[EXTRACTED INFORMATION]
◇ ◇ ◇ ◇ ◇ ◇ ◇
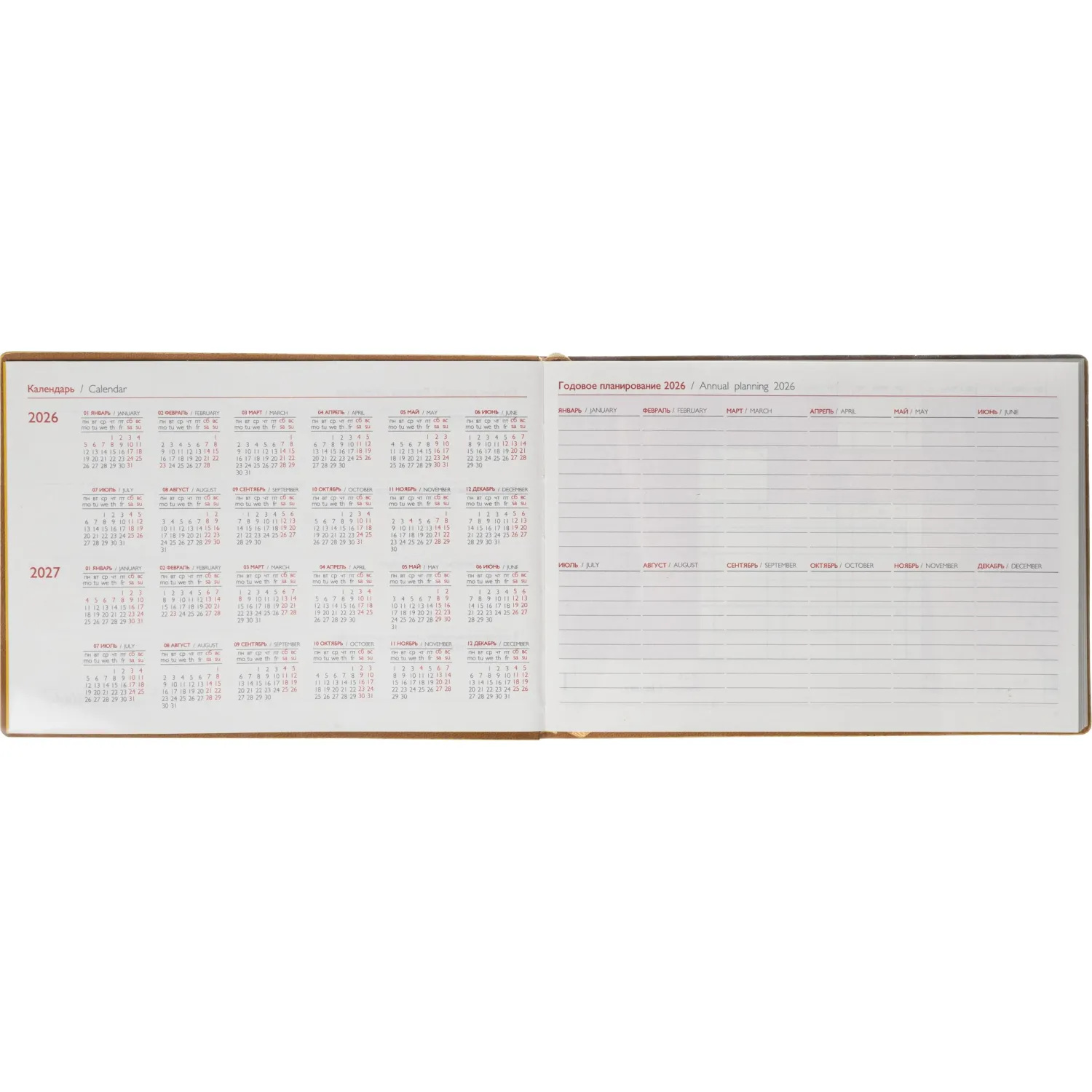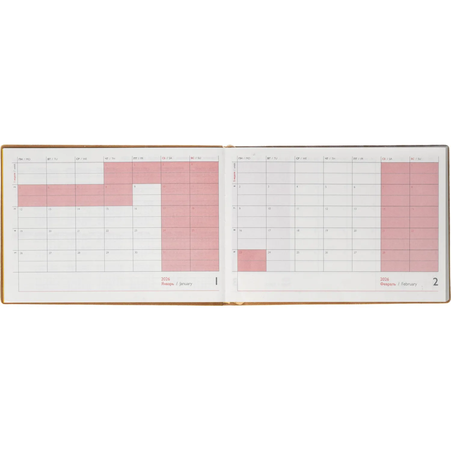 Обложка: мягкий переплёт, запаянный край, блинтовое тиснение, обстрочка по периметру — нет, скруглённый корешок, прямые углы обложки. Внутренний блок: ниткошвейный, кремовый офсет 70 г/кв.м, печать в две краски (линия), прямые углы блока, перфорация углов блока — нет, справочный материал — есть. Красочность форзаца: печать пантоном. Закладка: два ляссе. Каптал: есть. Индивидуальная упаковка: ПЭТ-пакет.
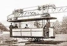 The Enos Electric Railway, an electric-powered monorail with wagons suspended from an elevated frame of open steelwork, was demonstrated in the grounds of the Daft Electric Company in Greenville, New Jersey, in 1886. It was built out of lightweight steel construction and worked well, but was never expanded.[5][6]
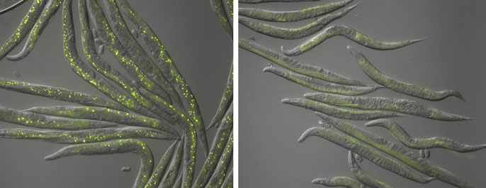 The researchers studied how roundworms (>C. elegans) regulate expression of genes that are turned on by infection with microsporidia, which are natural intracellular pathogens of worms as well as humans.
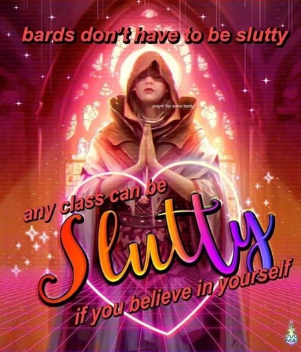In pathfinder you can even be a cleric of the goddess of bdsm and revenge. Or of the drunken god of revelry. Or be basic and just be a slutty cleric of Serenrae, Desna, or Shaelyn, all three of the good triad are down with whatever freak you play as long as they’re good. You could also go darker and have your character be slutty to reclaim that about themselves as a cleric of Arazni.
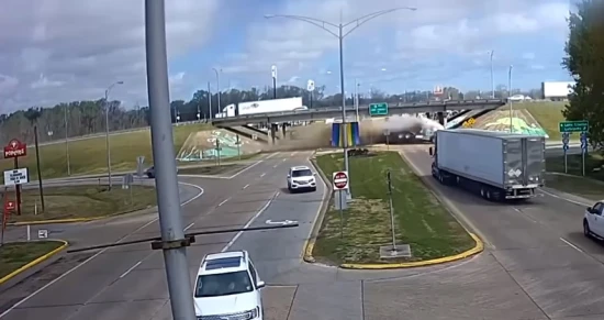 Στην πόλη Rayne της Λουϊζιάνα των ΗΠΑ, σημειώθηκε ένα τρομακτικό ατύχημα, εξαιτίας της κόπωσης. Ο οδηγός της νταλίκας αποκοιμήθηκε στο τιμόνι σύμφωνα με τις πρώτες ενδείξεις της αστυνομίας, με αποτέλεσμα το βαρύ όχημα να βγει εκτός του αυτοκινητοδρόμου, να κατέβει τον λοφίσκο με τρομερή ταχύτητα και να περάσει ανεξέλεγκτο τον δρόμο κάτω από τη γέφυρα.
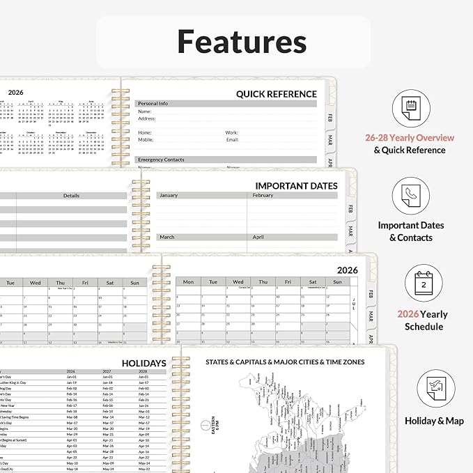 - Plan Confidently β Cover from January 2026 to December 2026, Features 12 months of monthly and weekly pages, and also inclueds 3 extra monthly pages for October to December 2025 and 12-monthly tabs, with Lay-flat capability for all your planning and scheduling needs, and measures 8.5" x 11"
◇ ◇ ◇ ◇ ◇ ◇ ◇
[EXERCISE OBJECTIVE] Write out all the entries again, word for word, and print no images.

[WRITTEN ANSWER]
 Обложка: мягкий переплёт, запаянный край, блинтовое тиснение, обстрочка по периметру — нет, скруглённый корешок, прямые углы обложки. Внутренний блок: ниткошвейный, кремовый офсет 70 г/кв.м, печать в две краски (линия), прямые углы блока, перфорация углов блока — нет, справочный материал — есть. Красочность форзаца: печать пантоном. Закладка: два ляссе. Каптал: есть. Индивидуальная упаковка: ПЭТ-пакет.
 The Enos Electric Railway, an electric-powered monorail with wagons suspended from an elevated frame of open steelwork, was demonstrated in the grounds of the Daft Electric Company in Greenville, New Jersey, in 1886. It was built out of lightweight steel construction and worked well, but was never expanded.[5][6]
 The researchers studied how roundworms (>C. elegans) regulate expression of genes that are turned on by infection with microsporidia, which are natural intracellular pathogens of worms as well as humans.
In pathfinder you can even be a cleric of the goddess of bdsm and revenge. Or of the drunken god of revelry. Or be basic and just be a slutty cleric of Serenrae, Desna, or Shaelyn, all three of the good triad are down with whatever freak you play as long as they’re good. You could also go darker and have your character be slutty to reclaim that about themselves as a cleric of Arazni.
 Στην πόλη Rayne της Λουϊζιάνα των ΗΠΑ, σημειώθηκε ένα τρομακτικό ατύχημα, εξαιτίας της κόπωσης. Ο οδηγός της νταλίκας αποκοιμήθηκε στο τιμόνι σύμφωνα με τις πρώτες ενδείξεις της αστυνομίας, με αποτέλεσμα το βαρύ όχημα να βγει εκτός του αυτοκινητοδρόμου, να κατέβει τον λοφίσκο με τρομερή ταχύτητα και να περάσει ανεξέλεγκτο τον δρόμο κάτω από τη γέφυρα.
 - Plan Confidently β Cover from January 2026 to December 2026, Features 12 months of monthly and weekly pages, and also inclueds 3 extra monthly pages for October to December 2025 and 12-monthly tabs, with Lay-flat capability for all your planning and scheduling needs, and measures 8.5" x 11"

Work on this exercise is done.